Your workflow sounds correct and by default, Prodigy will take care of tokenizing the text for you. The add_tokens
preprocessor will use the existing data and if no "tokens"
are present, it will try to align the existing span annotations with the tokens present in the data.
The error you’ve encountered happens if it can’t manage to do this, because none of the tokens map exactly to the character offsets defined in your data. For example, let’s say your annotations look like this:
{"text": "The order number is ID-12345", "spans": [{"start": 23, "end": 29, "label": "ID_NUMBER"}]}
Essentially, you’ve labelled the string "12345"
as an ID_NUMBER
. The problem is that when you tokenize the text with spaCy, the text isn’t actually split in a way that would make "12345"
its own token:
nlp = spacy.load('en_core_web_sm')
doc = nlp("The order number is ID-12345")

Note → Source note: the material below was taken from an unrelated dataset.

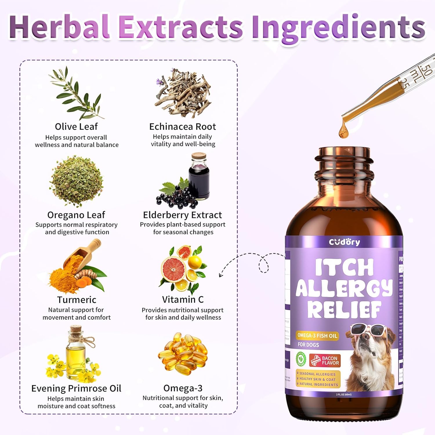- Easy to Use – Food Topper or Oral Drops: Simply add the allergy drops to your dog's food, treats, or administer directly by mouth. Designed for daily use to provide consistent support for your pet's wellness.

print([token.text for token in doc])
# ['The', 'order', 'number', 'is', 'ID-12345']
A case like this would then cause the “mismatched tokenization” error. The reason Prodigy lets you know about this is that a) it won’t be able to render the existing annotations in ner.manual
and b) you won’t be able to easily train a model from it out-of-the-box that performs the way you expect it to.

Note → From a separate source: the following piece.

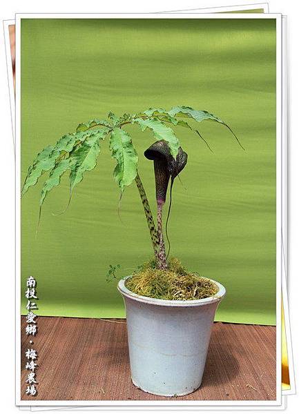 上圖是『蓬萊天南星』,我們小時候稱它為『飯匙鎗』,也就是眼鏡蛇的意思,像一條眼鏡蛇正怒目吐信注視著前方,隨時準備做好攻擊的姿勢,客倌您說像不像啊!小時候看到它,以為它會無聲無息的從我們背後攻擊,所以看到它都會跋腿就跑

If you updated the default English model with the example above, it could correctly learn that a token "12345"
in that context is likely to be an ORDER_ID
. However, it might never actually come across a token like this, because the tokenizer doesn’t split the text accordingly.
That’s why Prodigy tries to let you know early on if your tokenization doesn’t match the expected output. One solution would be to update spaCy’s tokenization rules to match your expected tokenization. Tokenizer rules are serialized with the model, so you can save out the nlp
object using nlp.to_disk()
and load that modified model with Prodigy. Alternatively, if you just want to label things and don’t care about spaCy’s tokenization, you can also provide the "tokens"
property on your task that tells Prodigy how the text should be tokenized and rendered.